> _ACTION ITEM_: Only the lines from the one with "反观中粮科技,根据其2024" through the end of the data below belong in the answer, restated word for word, pictures excluded.

====== PROVIDED DATA ======

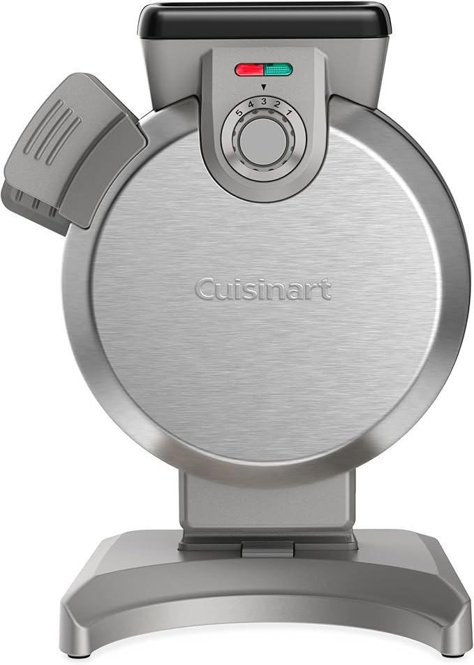 The Cuisinart Vertical Belgian Waffle Maker delivers reliable performance through a straightforward design that prioritizes functionality and ease of use. This classic waffle maker produces 8-inch round Belgian-style waffles, offering generous portions perfect for hearty breakfast appetites or family sharing.
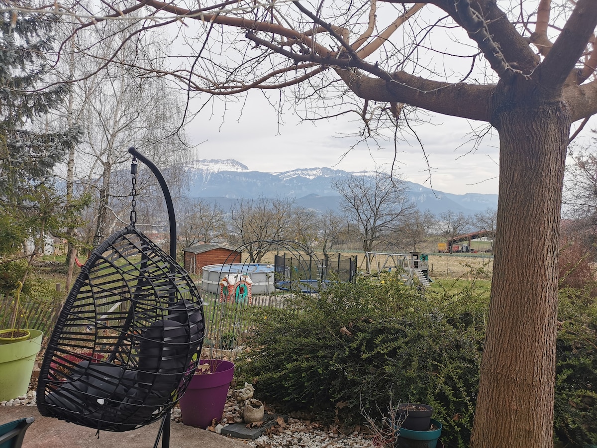 Ideal pour un déplacement professionnel ou pour un séjour au vert et au calme. Au RDC de notre maison individuelle (température agréable même en période de forte chaleure), appartement privatif avec entrée indépendante. 40m2,chambre double,sdb avec baignoire,salon cuisine avec canapé lit, cuisine équipée. Place parking sécurisée par portail. Accés 1500m2 de terrain: piscine, terrain pétanque, balançoire. Proche Voiron (2mns), accés autoroute (5mns), stations Chartreuse et Vercors (1h).
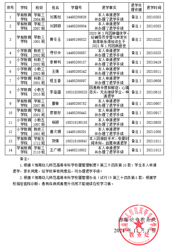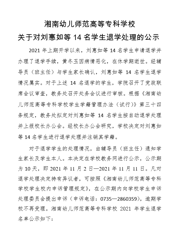 湘南幼儿师范高等专科学校关于对刘惠如等14名学生退学处理的公示
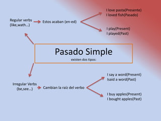 Este documento describe los diferentes tipos de verbos en el pasado simple y los diferentes tipos de adjetivos en inglés. Explica que los verbos regulares terminan en "-ed" en el pasado, mientras que los verbos irregulares cambian su raíz. Luego enumera varias categorías de adjetivos como propios, interrogativos, posesivos, numerales, de cantidad, distributivos, demostrativos y calificativos con ejemplos de cada uno.
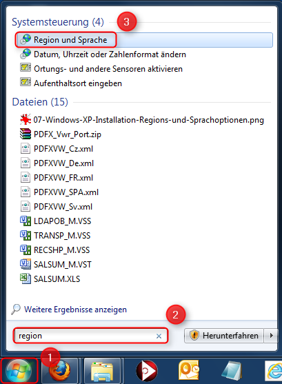 Klicken Sie auf den Windows Startknopf (1), geben Sie in das Suchfeld "region" ein (2). Drücken Sie dann die Entertaste oder klicken Sie auf "Region und Sprache" (3).
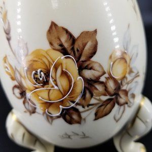 Vintage Napco Ware Cracked Egg Footed Porcelain Vase Dish Planter Cream Yellow Brown Gold Floral Flower 6H3199/L Hand Painted
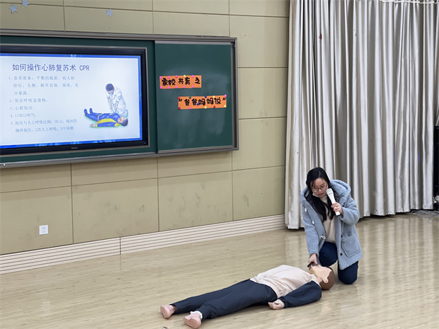 冬日暖阳,香槟湖小学二(2)跳跳堂中队的徐辅导员邀请虞皓兰妈妈为队员们带来了一节有趣的科普课程《身边的急救技术——心肺复苏》,此次课程我们还邀请到了同年级四个兄弟班级一起在一楼报告厅认真聆听。
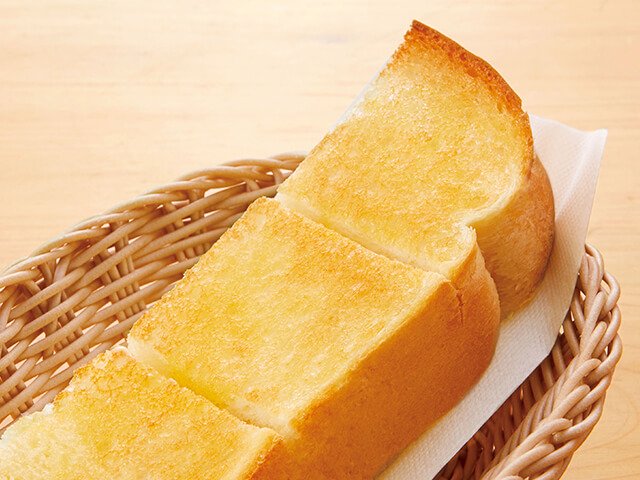 「山食パン(トースト)」または「ローブパン」の2種類から選べるモーニングのパン。厚切りでふんわり食感が特長の山食パンは、喫茶店モーニングの定番ですよね。
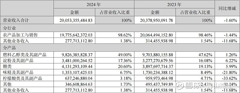 反观中粮科技,根据其2024年年报,公司以农产品加工为核心主业,收入占比近99%。其中,燃料乙醇类及其副产品为第一大收入来源,占营收近半;糖类与淀粉及其副产品分别以20.60%和17.36%的占比构成第二、第三大业务板块,且糖类、淀粉类收入均实现正增长,而味精、柠檬酸等传统品类收入则有所下滑。
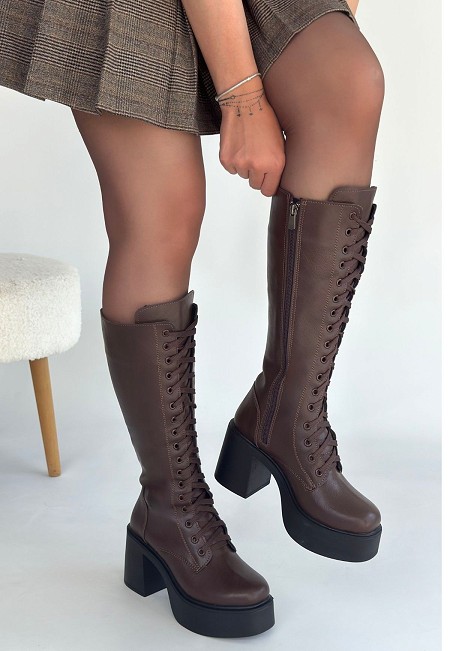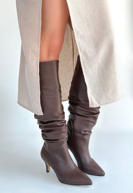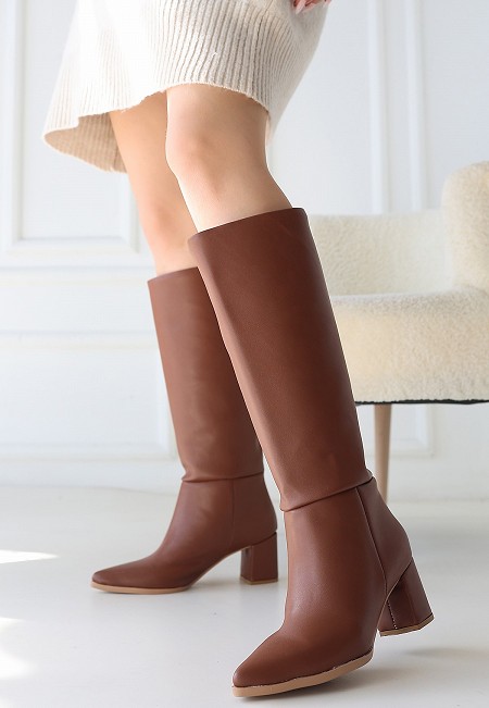 Roksa Taba Cilt Topuklu Çizme - 257760

======

> _RESULT OF THIS EXERCISE_:
 反观中粮科技,根据其2024年年报,公司以农产品加工为核心主业,收入占比近99%。其中,燃料乙醇类及其副产品为第一大收入来源,占营收近半;糖类与淀粉及其副产品分别以20.60%和17.36%的占比构成第二、第三大业务板块,且糖类、淀粉类收入均实现正增长,而味精、柠檬酸等传统品类收入则有所下滑。
 Roksa Taba Cilt Topuklu Çizme - 257760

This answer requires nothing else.